━━ Task inputs

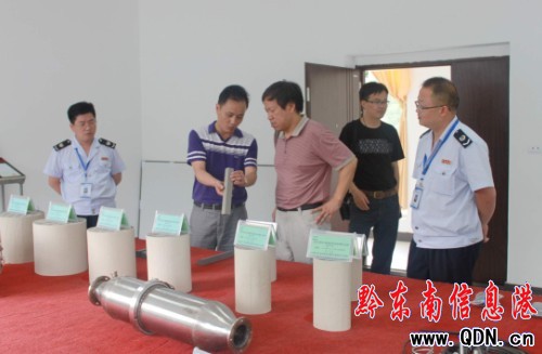 州國(guó)稅局鐘方軍副局長(zhǎng)一行在開(kāi)發(fā)區(qū)局國(guó)稅局龍堅(jiān)局長(zhǎng)的陪同下,到開(kāi)發(fā)區(qū)黃帝車輛凈化器有限公司了解該企業(yè)的生產(chǎn)經(jīng)營(yíng)情況,圖為該公司總經(jīng)理介紹該產(chǎn)品的生產(chǎn)工序及職能、作用。
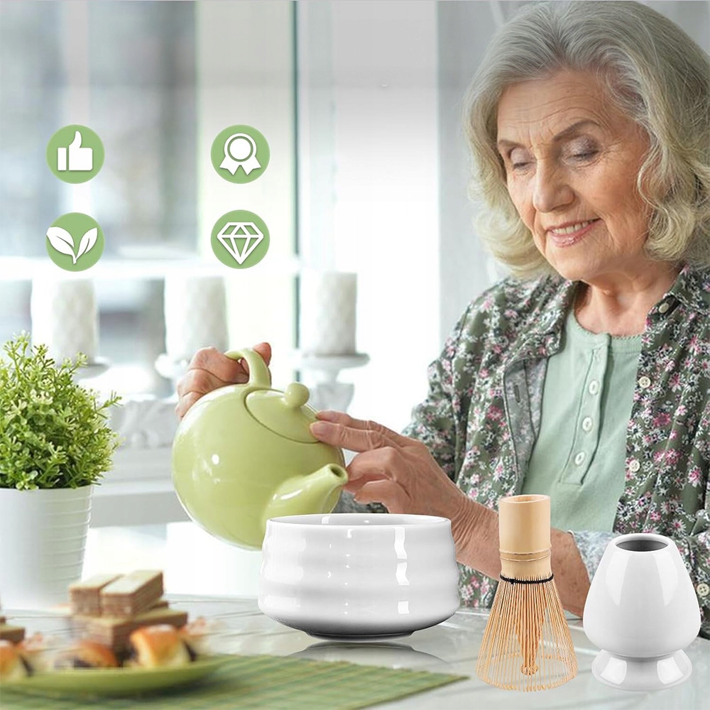 - Використання традиційного чайного набору матча дає змогу покращити ваш досвід матча. Цей набір миски та віночка для матчі містить усі необхідні інструменти для приготування чаю матча в традиційному стилі. Використовуйте наш набір віночків матча та створіть заспокійливу та медитаційну атмосферу, яка сприяє розслабленню та уважності.
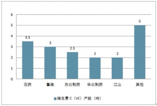 我國每年 VC 產能約為 20 萬噸, 但全球需求量只有 12-13 萬噸, 產能嚴重過剩。 VC 產能分布主要為“五大家族”,即石藥 3.5 萬噸,魯維制藥 3 萬噸,東北制藥 2.5 萬噸,華北制藥 2 萬噸,江山制藥 2 萬噸, CR5 約為 65%。還有天力,拓洋等多家企業生產,產能約為 5 萬噸。 產能地域分布上集中于河北、遼寧、山東等環京省份,占總產能的一半以上。
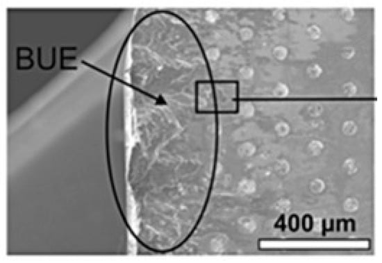 Built-up edge (BUE) generated on a textured tool rake face. Adapted from Ref. [39].
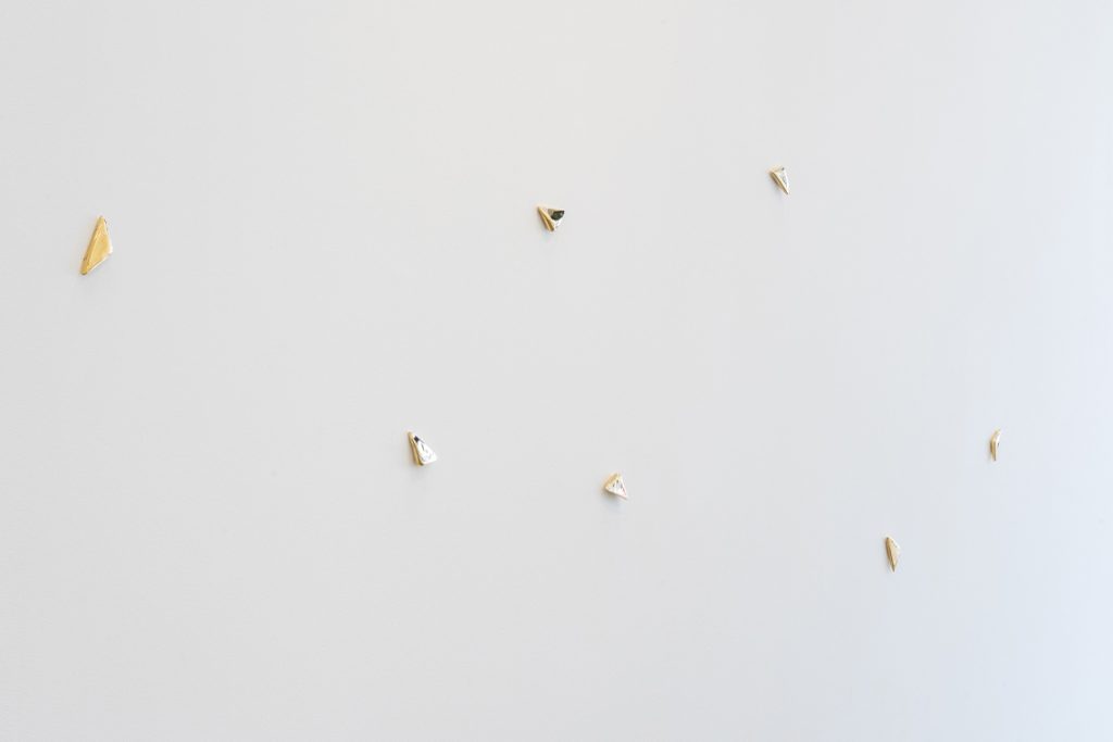 Interspersed between these maps are three installations titled Hmayk (Charms, Curses and Spells) (2025). The pieces nod to the belief that Armenians would place spells on their treasure in order to protect it. Over the years, accounts emerged that treasure hunters successfully located Armenian gold only for it to instantly turn into bees or ladybugs. Avakian’s talismans hold a series of historical spells, including protection against thieves and property; one talisman holds a spell “to fold a thief’s path seven times into itself”, while another instructs “to turn evil tongues into wool”. A traditional technique involving the etching of spells onto rice paper before being encased in a sturdy material has been used by the artist. In this case, the talismans are wrapped in glittering gold brass. These shimmering charms cleverly evoke both the themes of ancestral treasure and protection. We are reminded that, despite laying claim to Armenian wealth, there are often greater – and perhaps mythical – ethical guidelines at play.
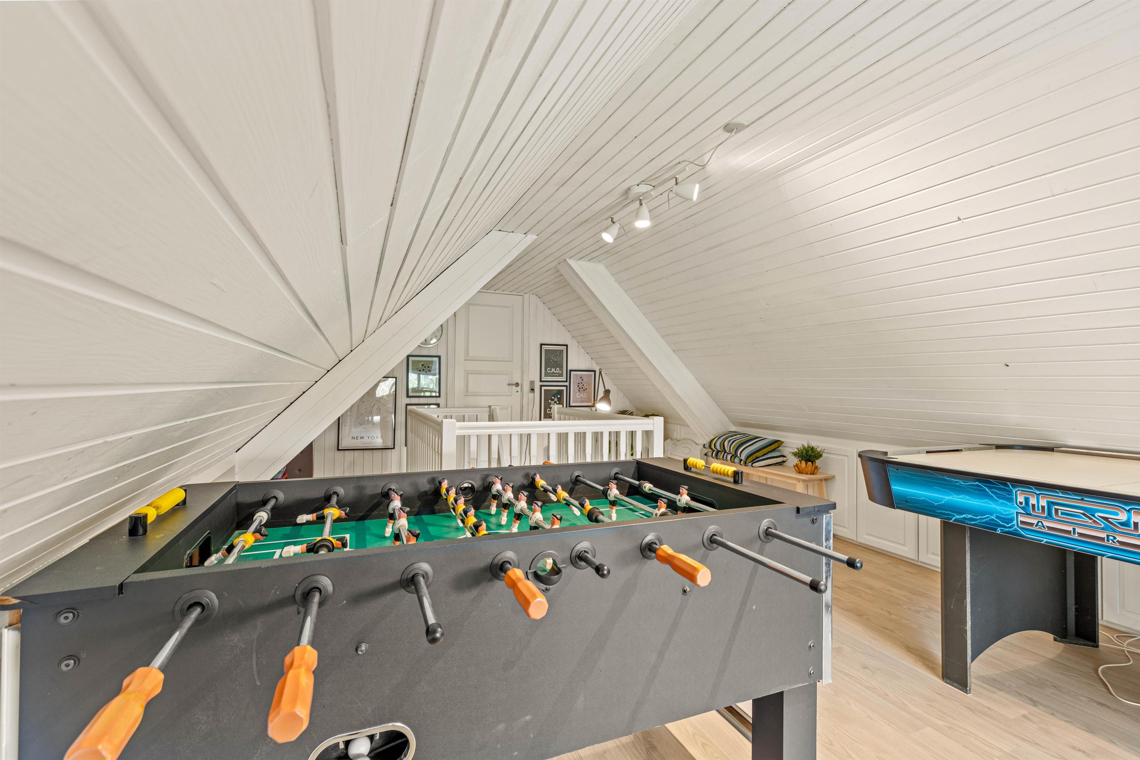 Bordfodbold, airhockey og familiehygge foran brændeovn

━━━━

**Directions:** Where a picture appears, omit it, and otherwise retype the material exactly.

**Solution below:**
 州國(guó)稅局鐘方軍副局長(zhǎng)一行在開(kāi)發(fā)區(qū)局國(guó)稅局龍堅(jiān)局長(zhǎng)的陪同下,到開(kāi)發(fā)區(qū)黃帝車輛凈化器有限公司了解該企業(yè)的生產(chǎn)經(jīng)營(yíng)情況,圖為該公司總經(jīng)理介紹該產(chǎn)品的生產(chǎn)工序及職能、作用。
 - Використання традиційного чайного набору матча дає змогу покращити ваш досвід матча. Цей набір миски та віночка для матчі містить усі необхідні інструменти для приготування чаю матча в традиційному стилі. Використовуйте наш набір віночків матча та створіть заспокійливу та медитаційну атмосферу, яка сприяє розслабленню та уважності.
 我國每年 VC 產能約為 20 萬噸, 但全球需求量只有 12-13 萬噸, 產能嚴重過剩。 VC 產能分布主要為“五大家族”,即石藥 3.5 萬噸,魯維制藥 3 萬噸,東北制藥 2.5 萬噸,華北制藥 2 萬噸,江山制藥 2 萬噸, CR5 約為 65%。還有天力,拓洋等多家企業生產,產能約為 5 萬噸。 產能地域分布上集中于河北、遼寧、山東等環京省份,占總產能的一半以上。
 Built-up edge (BUE) generated on a textured tool rake face. Adapted from Ref. [39].
 Interspersed between these maps are three installations titled Hmayk (Charms, Curses and Spells) (2025). The pieces nod to the belief that Armenians would place spells on their treasure in order to protect it. Over the years, accounts emerged that treasure hunters successfully located Armenian gold only for it to instantly turn into bees or ladybugs. Avakian’s talismans hold a series of historical spells, including protection against thieves and property; one talisman holds a spell “to fold a thief’s path seven times into itself”, while another instructs “to turn evil tongues into wool”. A traditional technique involving the etching of spells onto rice paper before being encased in a sturdy material has been used by the artist. In this case, the talismans are wrapped in glittering gold brass. These shimmering charms cleverly evoke both the themes of ancestral treasure and protection. We are reminded that, despite laying claim to Armenian wealth, there are often greater – and perhaps mythical – ethical guidelines at play.
 Bordfodbold, airhockey og familiehygge foran brændeovn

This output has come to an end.